Updated: 8/14/21 2:00 pmPublished: 2/29/08

by james s. hirsch

In the last issue of diaTribe, I described my efforts to gain reimbursement for my continuous glucose monitoring system. I had worn the DexCom SEVEN as part of a six-week trial and had had good outcomes - my A1c dropped from the mid to high 6's to 6.1, and the alarm detected imminent hypoglycemic episodes. Unfortunately, my insurer, Harvard Pilgrim HealthCare of New England, rejected my request for coverage of the sensors ($60 a week) as well as my appeal.

So my final effort was to seek an external review from the Massachusetts Department of Public Health. DexCom helped with my appeal, which included letters from me, DexCom, and my physician, as well as recent medical records showing the improved A1c. The appeal cost me $25, and the package was sent on December 12.

The decision didn't take long.

On December 22, I received a letter from a company called Imedics (Independent Medical Expert Consulting Services in Lansdale, Pa.), which had been hired by the Massachusetts health department to rule on my appeal. The actual reviewer was identified only as "#B027," who is "board certified in Internal Medicine and Endocrinology. Currently holds a position at a university medical center as a clinical professor."

#B027 got right to the point. "Dear Mr. Hirsch: The independent reviewer has overturned in whole the original decision in regard to your external appeal."

Male or female, I could have given #B027 a kiss right then and there.
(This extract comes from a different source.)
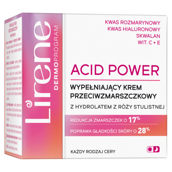 Lirene Dermoprogram Acid Power Wypełniający Krem Przeciwzmarszczkowy 50ML LIRENE ACID POWER to nowatorskie formuły zawierające unikalne połączenie specjalistycznych kwasów kosmetycznych oraz łagodzących hydrolatów. Odpowiednio dobrane pH minimalizuje ryzyko podrażnień i nieestetycznego łuszczenia się skóry, pozwalając na regularną, nieagresywną stymulację komórek do regeneracji. Dzięki temu struktura i koloryt skóry stopniowo wyrównują się, a twarz odzyskuje młodzieńczą świeżość i blask.KWASY AHA/PHA:REDUKUJĄ NIEDOSKONAŁOŚCI i PRZEBARWIENIA REGULUJĄ ODNOWĘ KOMÓRKOWĄ,SPŁYCAJĄC ZMARSZCZKIODBLOKOWUJĄ PORY i WYRÓWNUJĄ STRUKTURĘ SKÓRYNAWILŻAJĄWYPEŁNIAJĄCY KREM PRZECIWZMARSZCZKOWY:do każdego rodzaju ceryKwas rozmarynowy w sferycznych nośnikach – przeciwdziała uszkadzaniu DNA komórek skóry przez wolne rodniki. Utrzymuje prawidłową elastyczność i jędrność.Hydrolat z róży stulistnej – regeneruje, wygładza, opóźnia procesy starzenia i łagodzi podrażnienia.Wit. C w stabilnej formie o wysokiej aktywności biologicznej (Ascorbyl Tetraisopalmitate) – stymuluje syntezę kolagenu oraz spowalnia procesy rozpadu kolagenu, elastyny i kwasu hialuronowego, wypełniając zmarszczki od środka. Przyspiesza regenerację naskórka.Olej z kiełków pszenicy – nawilża, regeneruje oraz nadaje miękkości cerze. Dzięki zawartości nienasyconych kwasów tłuszczowych ujędrnia i opóźnia procesy starzenia.Skwalan – wzmacnia barierę ochronną, uzupełniając braki w lipidach naskórka. Nawilża i uelastycznia skórę.Wysokocząsteczkowy kwas hialuronowy – minimalizuje utratę wody z naskórka. Wygładza i koi.Wit. E – działa odmładzająco i ochronnie.EFEKTY WIDOCZNE GOŁYM OKIEM!wygładzenie skóry o 28%*poprawa nawilżenia skóry o 22%*redukcja głębokości, objętości i liczby zmarszczek o 17%*redukcja objętościrozszerzonych porów o 16%**Na podstawie badań aparaturowych z udziałem kobiet przed i po 3 tygodniach stosowania kremuSPOSÓB UŻYCIA: Rano i wieczorem wmasuj krem w skórę twarzy i szyi, omijając okolicę oczu. Możesz stosować samodzielnie lub na wybrane serum LIRENE ACID POWER. Podczas użytkowania zabezpieczaj skórę filtrem UV przed ekspozycją na słońce.ŚRODKI OSTROŻNOŚCI: Nie stosować na uszkodzoną skórę, w okresie ciąży oraz karmienia piersią. Bezpośrednio po aplikacji może występować delikatne pieczenie, które jest naturalną reakcją skóry na działanie kwasów. Jeśli pieczenie jest silne, nie ustępuje po 2-3 minutach od aplikacji lub skóra pozostaje zaczerwieniona/podrażniona, zaleca się spłukać preparat obficie wodą i zaprzestać stosowania.

#B027 recounted the facts of the case, noting that I had had a car accident from a hypoglycemic experience and that my control improved with the DexCom. Harvard Pilgrim did not dispute those facts; rather, it rejected reimbursement because my health care plan states that "continuous glucose monitoring systems are covered when used in conjunction with an external ambulatory insulin infusion pump," and my insulin pump is not physically linked to my CGM - it's not a closed-loop system or even a partially closed-loop system.

But wait! #B027 found a loophole in this closed-loop logic. "The definition does not explicitly state that the monitoring system must be physically attached to the pump," #B027 wrote. "It merely states that the system must be used with (in conjunction with) the pump."

So by redefining the word "conjunction" - concluding that it does not imply "physically linked" -- #B027 decided that the DexCom is indeed a covered benefit. #B027 also noted that the sensors will cost Harvard Pilgrim far less money than a new pump that is attached to the sensors.

Obviously I'm pleased, but the entire experience is a window into how dysfunctional our reimbursement system is. #B027's language more closely resembled a legal brief than a medical endorsement, and why wouldn't #B207 rule in my favor? #B027 is a doctor, and doctors are supposed to care about patients. They don't care about an insurer's bottom line. Not surprisingly, DexCom told me that it's won most of its external appeals.

The moral of the story? If you're seeking reimbursement, be organized, be persistent, and get the decision out of the hands of the insurer as soon as possible.

And if all else fails, ask for #B027, and give the good doctor my regards.

What do you think?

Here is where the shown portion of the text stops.